IDB gives grant for mangrove conservation

SIGNED: (From left) Dr Ava Maxam, IMA Director; Deputy Permanent Secretary Keshore Lutchman of the Ministry of Planning and Development; Carina Cockburn, IDB Country Representative; Pennelope Beckles, Minister of Planning and Development; Farley Augustine, Chief Secretary of THA; Dr Rahanna Juman, Deputy Director of the IMA, on May 8 after an agreement was signed between the IDB and the Ministry of Planning and Development. -
SIGNED: (From left) Dr Ava Maxam, IMA Director; Deputy Permanent Secretary Keshore Lutchman of the Ministry of Planning and Development; Carina Cockburn, IDB Country Representative; Pennelope Beckles, Minister of Planning and Development; Farley Augustine, Chief Secretary of THA; Dr Rahanna Juman, Deputy Director of the IMA, on May 8 after an agreement was signed between the IDB and the Ministry of Planning and Development. -

Dr Rahanna Juman

The Institute of Marine Affairs (IMA) has collaborated with the Inter-American Development Bank to pilot a blue carbon credit system in Trinidad and Tobago.

The ceremonial signing of the technical co-operation for a US$550,000 grant took place on May 8 at the Yara Auditorium of the Arthur Lok Jack Global School of Business, Mt Hope.

This project aims to design a high-quality blue carbon credit scheme to improve the digital mapping, monitoring, reporting, and verification of ecosystem services, promote management and ownership of natural capital and create a practical opportunity for livelihood enhancements and revenue generation.

Marine ecosystems, particularly tidal marshes, seagrass beds, and mangrove forests absorb (sequester) and store carbon within biomass and soils. Commonly referred to as “blue carbon” ecosystems because of their relevance to the global carbon cycle, these marine ecosystems provide climate mitigation benefits and a range of other ecosystem services that support coastal livelihoods and adaptation to climate change.

Carbon sequestration in mangroves is disproportionally higher than its spatial extent compared to other ecosystems. Mangrove forests are amongst the most carbon-rich ecosystems in the tropics and are one of the most efficient long-term natural carbon stores. Because of their high sequestration rates, mangroves can significantly affect the global carbon flux.

On average, mangroves have a mean whole-ecosystem carbon stock around 2.5-5 times higher than the mean ecosystem carbon stock found in temperate, boreal, and upland tropical forests (Alongi, 2012). Initial estimates of carbon stored in the mangrove forests in TT are at 1,118,630.99 tonnes. Comparing mangrove forest carbon to terrestrial forest carbon revealed that mangrove forests store 61 per cent more carbon per hectare than terrestrial forests in Tobago. At the same time, for Trinidad, the value was 44 per cent (Juman et al, 2021).

A mangrove tunnel. -

Despite their critical role, there is an increasing loss of mangrove forest systems because of unplanned or ill-advised development or initiatives with short-term gains. These include but are not limited to pollution, coastal development, extractive activities, unsustainable aquaculture, agricultural practices and intense weather events such as storms.

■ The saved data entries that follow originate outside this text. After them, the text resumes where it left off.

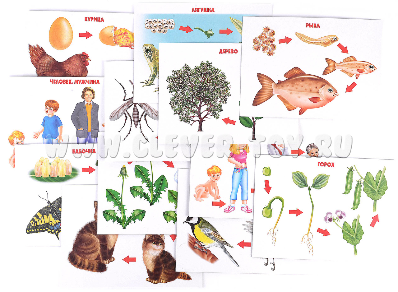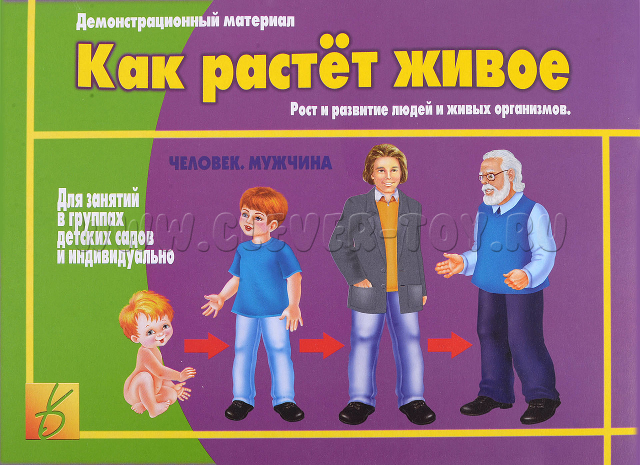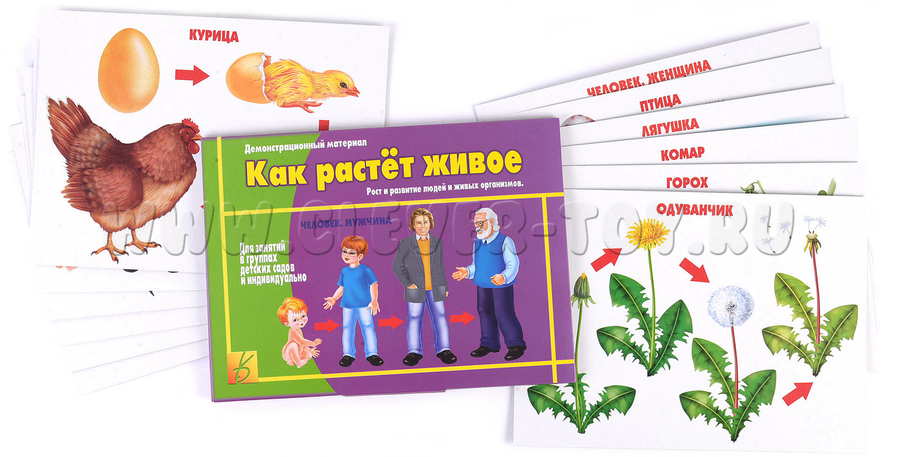 Демонстрационный материал предназначен для занятий в группах детского сада и индивидуально, он поможет сформировать понятие этапов развития человека, растения, животного, рыбы и других. С помощью этих картинок ребенок узнает все этапы роста организма, что в дальнейшем поможет ему шире познать окружающий нас мир.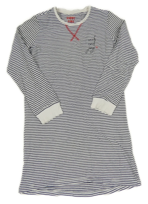 Bielo-čierna pruhovaná nočná košeľa s nápisom Tchibo
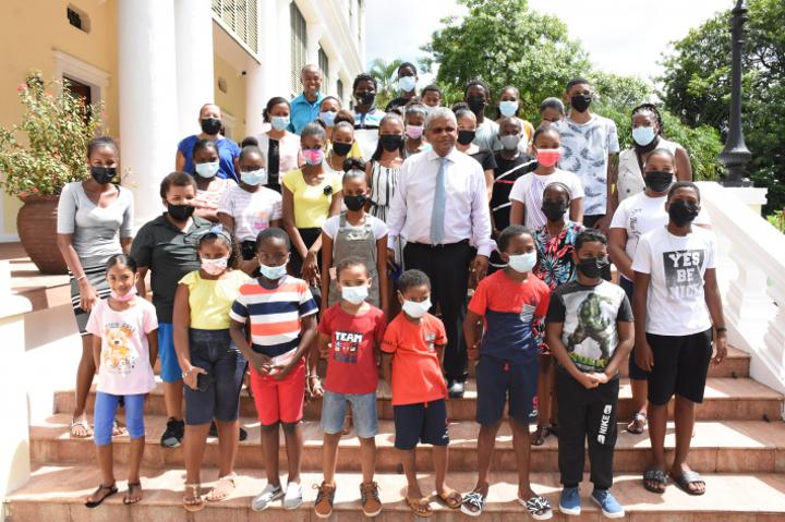 President Wavel Ramkalawan took time out of his busy schedule to welcome and interact with the group of visitors.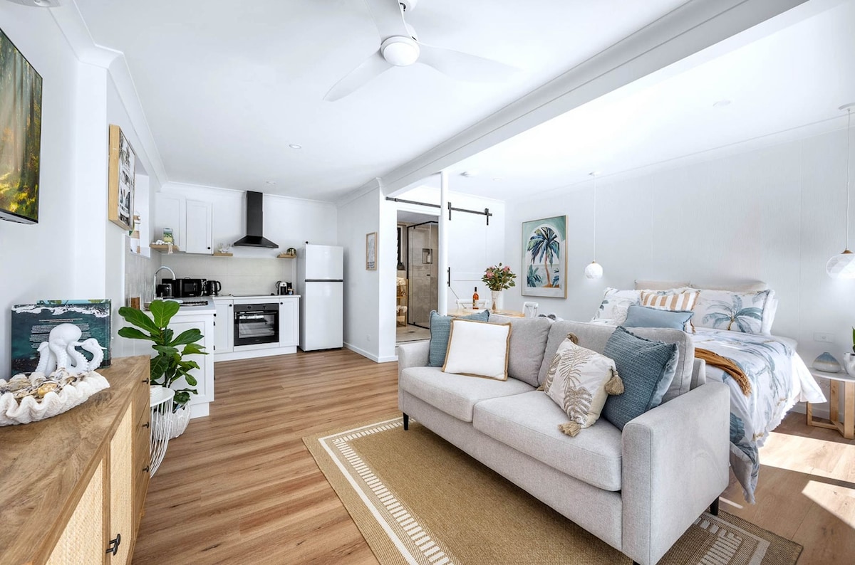 Cosy beachside couples getaway. I’m awash with sun-kissed rooms and nestled in a playful seaside town, lapped by the white sandy beaches of Jervis Bay. Soak up the sunshine, sip on spritzers, and witness amazing dawn skies, all on my sun-drenched deck overlooking the sparkling waters of the bay. Mid-week stays make for magical, uncrowded stretches of sand, with less of the monopoly that the weekends bring about. This is Sandy feet and salty hair.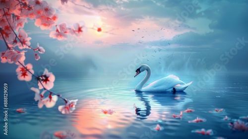 cygnet, lake, water, sunset, sky, cherry, blossom, flower, pink, blue, calm, serene, elegant, dreamy, nature, wildlife, peace, calmness, graceful, light, gold, cloud, soft, gentle, beauty, art, digital, painting, fantasy, whimsical, romantic, peaceful, harmony, stillness, colours, high-coloured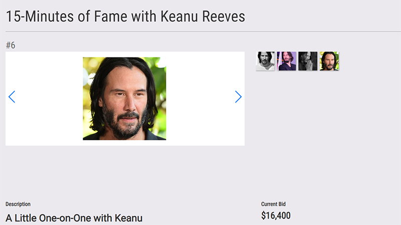 キアヌ・リーブスとZoomで15分会話する権利。オークション販売中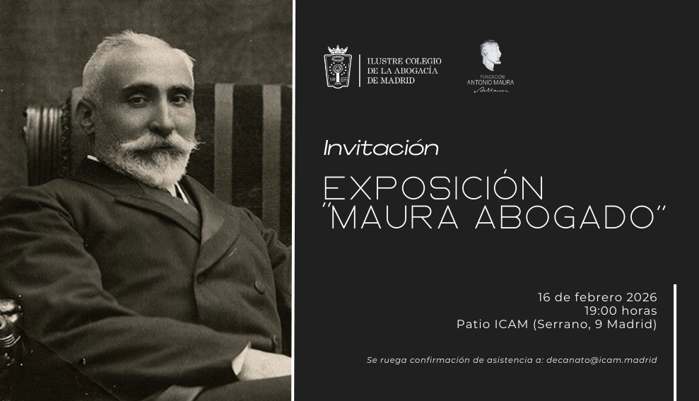 El Ilustre Colegio de la Abogacía de Madrid (ICAM) inaugurará el próximo lunes 16 de febrero, a las 19:00 horas, la exposición “Maura Abogado”, una muestra organizada conjuntamente por el ICAM y la Fundación Antonio Maura que podrá visitarse en el Patio del ICAM (Serrano, 9) hasta el 27 de febrero.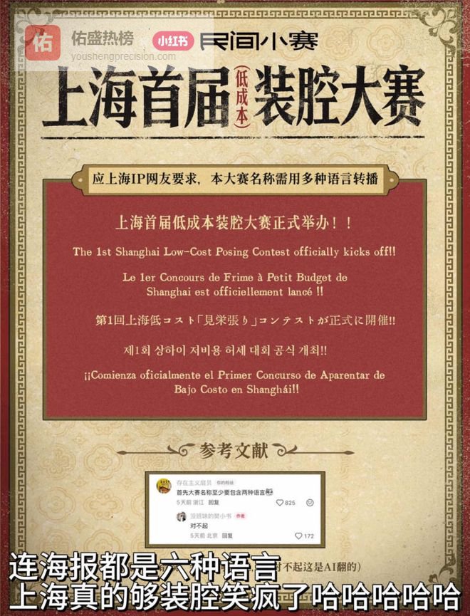 连比赛海报都被上海网友要求使用多种语言哈哈哈哈~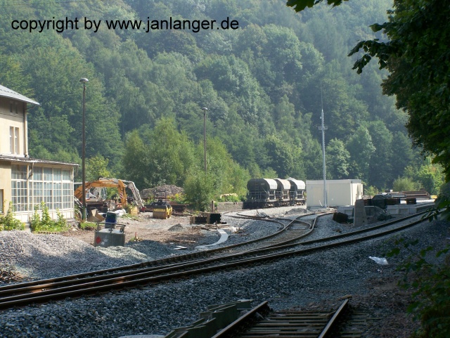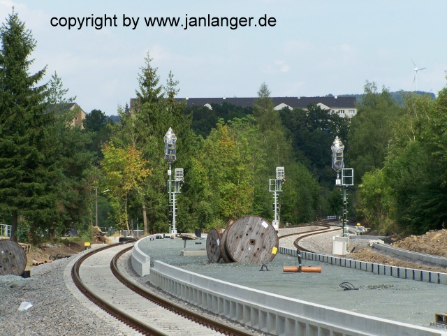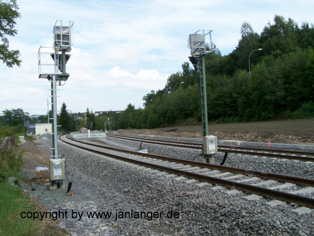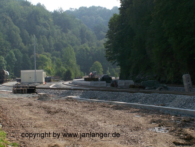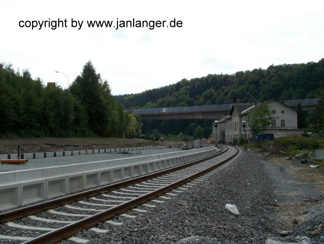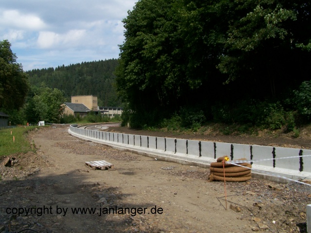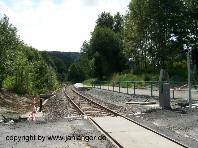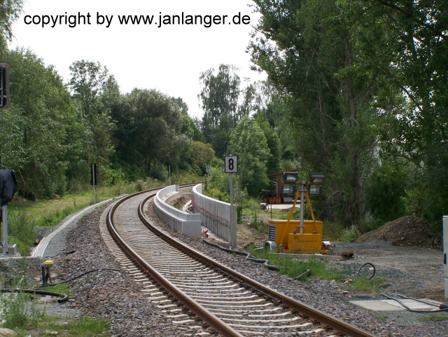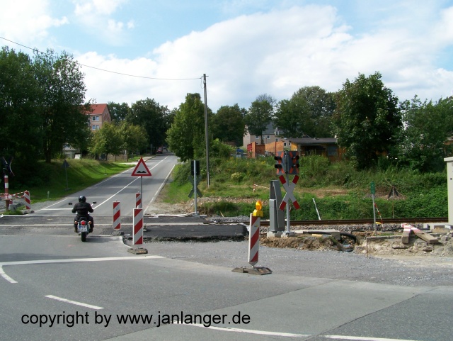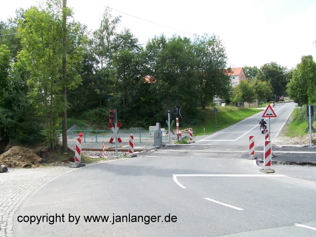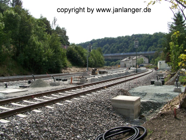 Der Umbau ist im vollen Gange. Neues ist entstanden. Altes verschwunden. Gefahren wird bis Erdmannsdorf-Augustusburg auf der Schiene. Weiter bis Annaberg-Buchholz unterer Bahnhof nur mit Schienenersatzverkehr. Anfangs war sogar ein Bus der BVO-Erzgebirge GmbH zu sehen. Mittlerweile fährt nur noch ein Transporter in deren Auftrag. Dieser aber regelmäßig im 2-Stunden-Takt. Teil 2: Neuer Haltepunkt Flöha-Plaue In Flöha-Plaue entsteht ein neuer Haltepunkt. Blick Richtung Süden. Eine etwas nähere Aufnahme. Ebenfalls wird der Bahnübergang auf den neuesten Stand der Technik gebracht. Bahnhof Erdmannsdorf-Augustusburg Leider wird er zu einem Haltepunkt zurückgebaut. Die Ausfahrt Nord. Ein Blick in Richtung Süden. Der alten Hausbahnsteig wird komplett erneuert. Zukünftig soll in Hennersdorf gekreuzt werden. Neuer Haltepunkt Zschopau-Ost Der Bahnsteig ist bereits fertig. Auch hier wird der Bahnübergang komplett erneuert. Bahnhof Zschopau Die Gleisanlagen des Bahnhofes in Zschopau wurden vollständig entfernt und neu aufgebaut. Nichts erinnert mehr an den alten Bahnhof. Links im Bild der graue Betonblock mit rotem Geländer ist der Rest einer Brücke über die Gleisanlagen. Ich habe von dieser seinerzeit die letzten Bilder gemacht. Der neue Bahnsteig ist jetzt etwas näher an den Ortskern gerückt. Hoffentlich bekommt er auch ein Dach. Die neue Ausfahrt Ost. Ein Blick zurück. Hier entsteht der neue Zugang zum Bahnsteig. Nochmals ein Blick aus Osten in Richtung Südwesten. Bahnhof Wilischthal Der neuer Zugang und zugleich Unterführung. Die Ausfahrt in Richtung Süden. Auch hier ist nicht viel übrig geblieben vom Bahnhof. Nur noch ein einsamer Bahnsteig. Bahnhof Wolkenstein Ein Blick auf die neuen Gleisanlagen in Wolkenstein. Etwas herangeholt. Der alte Bahnsteig ist nicht mehr vorhanden und mußte einem Neubau weichen. Von einem neuen Bahnsteigtunnel habe ich noch nichts gesehen. Ich hatte aber auch nur einen begrenzten Zugang. Neuer Haltepunkt Wiesa Der Bahnsteig ist schon fertiggestellt. Er liegt jetzt deutlich näher am Ortskern. Ein genauerer Blick. Die Ausfahrt in Richtung Wiesenbad. Auch hier wird der Bahnübergang erneuert. Bahnhof Schönfeld-Wiesa Vom ehemaligen Bahnhof ist nichts mehr geblieben. Ein einzelnes Gleis geht noch durch ihn. An der rechten Bildseite ist das ehemalige Empfangsgebäude zu sehen. Nur noch große Dreckhaufen, die hoffentlich bis Dezember verschwinden. Zurück ging es mit dem Auto. Damit endet der zweite Teil meiner Dokumentation. |

Globally, there has been a decline of 1.04 million hectares between 1990 and 2020 (FAO). Nationally, in Trinidad, mangrove extents declined from 7,345.54 hectares in 2007 to 6,941.68 hectares in 2020.

Mangrove losses directly affect not only sequestration rates and storage abilities but, when degraded, can also contribute to carbon emissions as their stocks are released. Deforestation, forest degradation and land-use change account for the second largest anthropogenic source of carbon emissions, at approximately eight-20 per cent, and mangrove loss is an important contributor to these emissions as mangroves are such carbon-rich ecosystems.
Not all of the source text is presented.